O comandante fez valer a vantagem de ser mais forte e ágil
durante o embate, se aproveitando do espaço estreito que mal cabia
a nós dois. Ele conseguiu imobilizar os meus braços atrás do corpo,
enquanto me empurrava contra a parede espelhada do banheiro,
fazendo a lateral do meu rosto se chocar contra o vidro.
— Pense bem se vale a pena se expor ainda mais, meu anjo
— murmurou, fazendo o hálito repugnante dele soprar no meu
ouvido direito. — Portanto, seja boazinha como as suas outras
colegas e faça o que estou mandando.
— A equipe de limpeza vai entrar aqui a qualquer momento —
balbuciei, com a voz sufocada.
Ele soltou um riso abafado e agarrou as costas da blusa
branca, o puxando para fora da saia, antes de deslizar a mão por
dentro do tecido, subindo pelas costelas até alcançar o seio e
espalmá-lo por sobre o sutiã.
— O copiloto está cuidando de tudo para que ninguém interfira
em nossa rapidinha.
— Solte-me, por favor — implorei, lutando para me libertar, e
sentindo as lágrimas queimarem os meus olhos.
O comandante me puxou, virando o meu corpo para ficar de
frente para ele, e agarrou a minha nuca bruscamente, pressionando
os lábios contra os meus para me silenciar, e fazendoas suas mãos
nojentas se moverem pelo meu corpo.
O calor e a força que emanava dele provocou um arrepio
gélido ao longo da lombar.
— Você é tão gostosa, Mel — sussurrou com a voz rouca,
roçando a sua boca na minha quase que de forma agressiva.
Quando ele fez menção de abrir o fecho da calça, sem
conseguir conter um gemido de prazer, e mesmo com a boca ainda
colada à minha, considerei fingir que aprofundava o beijo, e assim o
fiz.Eu mordi o lábio inferiordele com forçao suficientepara cortá-lo
e logo senti o gosto de sangue na língua, enquanto o observava
recuar um passo, passando a me encarar com uma expressão de
perplexidade e assombro no rosto.
Não perdi mais tempo e avancei em direção à porta,
destravando-a rapidamente e puxando a maçaneta. Assim que eu
saí do banheiro, eu me deparei com a comissária chefe e uma
agente de limpeza, que deixaram transparecer uma profunda
desconfiança no olhar.
— Fernanda, eu preciso conversar seriamente com você —
balbuciei, com a voz estrangulada, sentindo a náusea me subir à
garganta e quase desabei no chão, chorando, mas as duas
mulheres me seguraram pelo braço.
— Por Deus, Melissa! O que houve com você? — a chefe de
cabine perguntou, observando horrorizada o estado deplorável em
que eu me encontrava: os cabelos presos em rabo de cavalo
estavam desalinhados, a blusa toda entreaberta expondo
parcialmente o sutiã em tom nude, e o rosto vermelho ainda
contorcido pela dor e revolta se mantinham fixos nela.
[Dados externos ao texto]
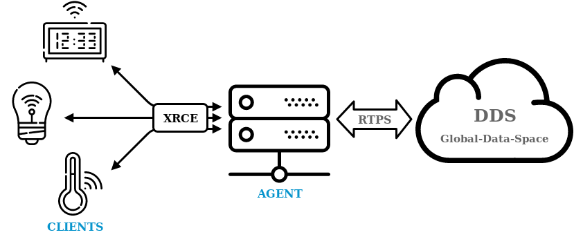 - XRCE Agent. Central part of the protocol providing the required DDS access to the XRCE Clients mentioned above.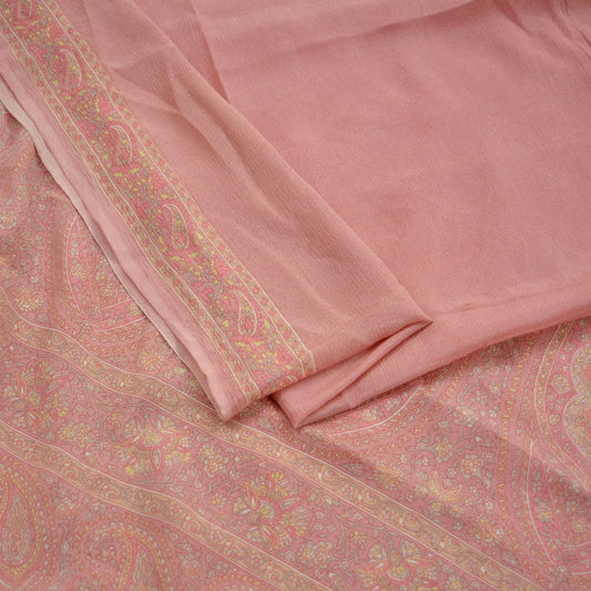 Women Indian Vintage Dupatta Pink & Beige Long Stole Pure silk Printed Dupatta Veil Scarves soft Boho Wrap Dressmaking Floral Design
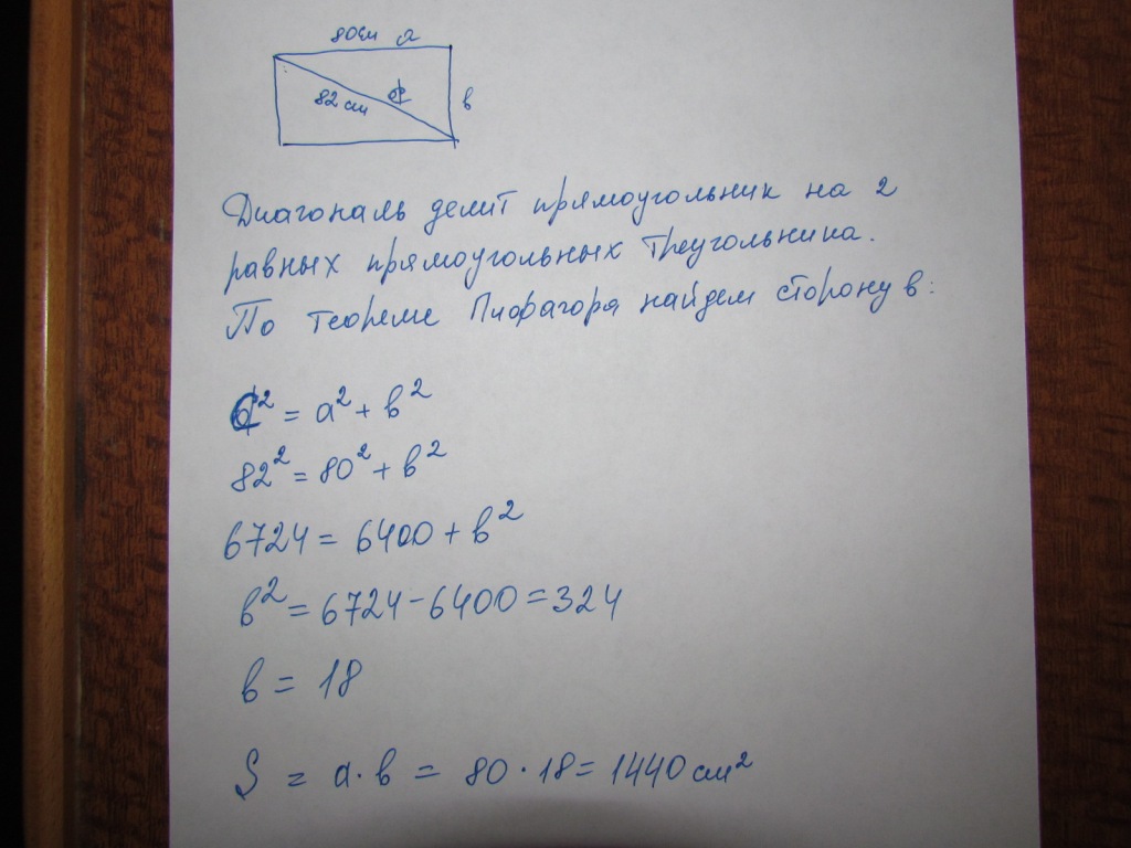 Нужно найти площадь прямоугольника, зная, что диагональ - 82 см, а сторона "а" - 80 см.

— Eu me sinto péssima, você nem imagina o quanto... — foi
tudo o que consegui dizer, em um fio de voz. Porém, a seguinte
frase passava em loop por minha mente: O comandante me
encurralou no banheiro agora há pouco e tentou me violentar. —
Ricardo ainda deve estar no banheiro... preciso que se certifique de
que ele ainda está lá.
— Por gentileza, verifique agora mesmo o lavatório, sim? —
Fernanda pediu, se voltando para a auxiliar de limpeza, que ao fazer
menção de se levantar, estacou no mesmo instante, olhando em
direção aos fundos da aeronave.
— O comandante está saindo agora do banheiro em frente ao
que Melissa estava — informou a funcionária, com certo
constrangimento.
Foi com certa dificuldade que eu consegui virar o rosto, e pelo
canto do olho percebi que ele havia acabado de sair de lá, ainda
afivelando o cinto da calça e aparentando um ar despreocupado no
semblante.
Como eu vou conseguir comprovar que fui assediada
sexualmente?
Abri e fechei a boca várias vezes, mas nenhum som saiu dela,
e senti uma espécie de bolo na garganta, que insistia em me
sufocar, dificultando a passagem de ar para os pulmões.
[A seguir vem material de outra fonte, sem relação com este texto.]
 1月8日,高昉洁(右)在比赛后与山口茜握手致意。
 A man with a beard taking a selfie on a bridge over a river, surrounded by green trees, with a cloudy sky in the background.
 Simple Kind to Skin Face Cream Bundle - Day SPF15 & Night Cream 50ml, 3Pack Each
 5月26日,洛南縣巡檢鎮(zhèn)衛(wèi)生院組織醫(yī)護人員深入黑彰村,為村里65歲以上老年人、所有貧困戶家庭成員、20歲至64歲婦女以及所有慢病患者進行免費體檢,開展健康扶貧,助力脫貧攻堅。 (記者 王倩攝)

— Ricardo, me ajude a levantá-la, por gentileza? — Fernanda
solicitou, enquanto passava o meu braço ao redor do ombro, mas
assim que ele se aproximou de nós duas, eu rapidamente me
afastei e apoiei as mãos no chão para ficar de pé por mim mesma.
— Não quero que ele me toque! — falei, rispidamente, virando
as costas para eles três e comecei a abotoar a blusa com as mãos
trêmulas.
— Melissa, você parece bastante transtornada... — o
comandante comentou, com ar de fingidapreocupação. — Sente-se
um pouco e fique calma. Eu vou até a galley buscar um copo de
água mineral.
— Você é muito cínico mesmo, comandante. Mas, não pense
que sairá impune.
Atravessei o corredor e abri o compartimento de bagagem
sobre o assento da primeira fileira e tirei a minha mala de mão,
antes de seguir em direção à saída. Notei que o copiloto estava na
porta conversando com o agente de rampa, que havia disposto as
bagagens dos tripulantes no canto, uma vez que elas haviam sido
despachadas no porão. Eles me cumprimentaram com um aceno de
cabeça, mas eu os ignorei e sai andando pelo finger, puxando a
minha mala pela alça, e decidida a prestar queixa contra o
comandante.
Sofrerretaliação era a menor das minhas preocupações, ainda
mais pela cruel possibilidade de ter que dizer adeus à promoção
como chefe de cabine, algo que batalhei muito para conseguir.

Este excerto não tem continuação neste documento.